▸ **Your instructions**:
Each line below must be reproduced exactly, though the pictures are to be dropped.

▸ **Exercise data**:
[Start of section]

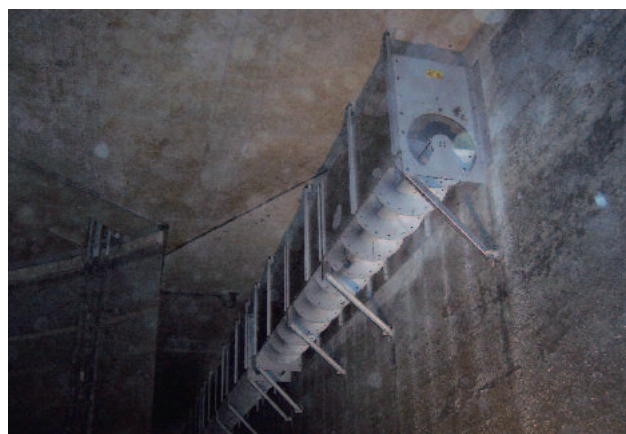
View of the upstream side and lateral screenings discharge opening
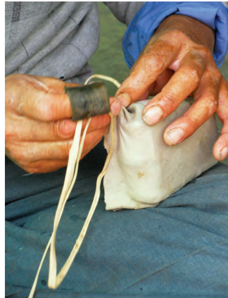
Fig. 5a, b.
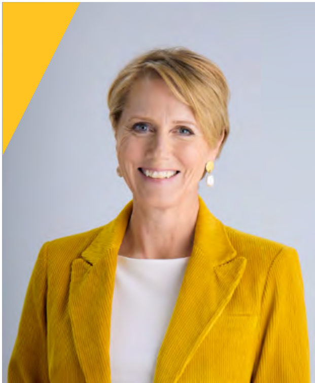
ABOVE: Independent Federal Member for Goldstein

[End of section]

▸ **Final answer**:
View of the upstream side and lateral screenings discharge opening
Fig. 5a, b.
ABOVE: Independent Federal Member for Goldstein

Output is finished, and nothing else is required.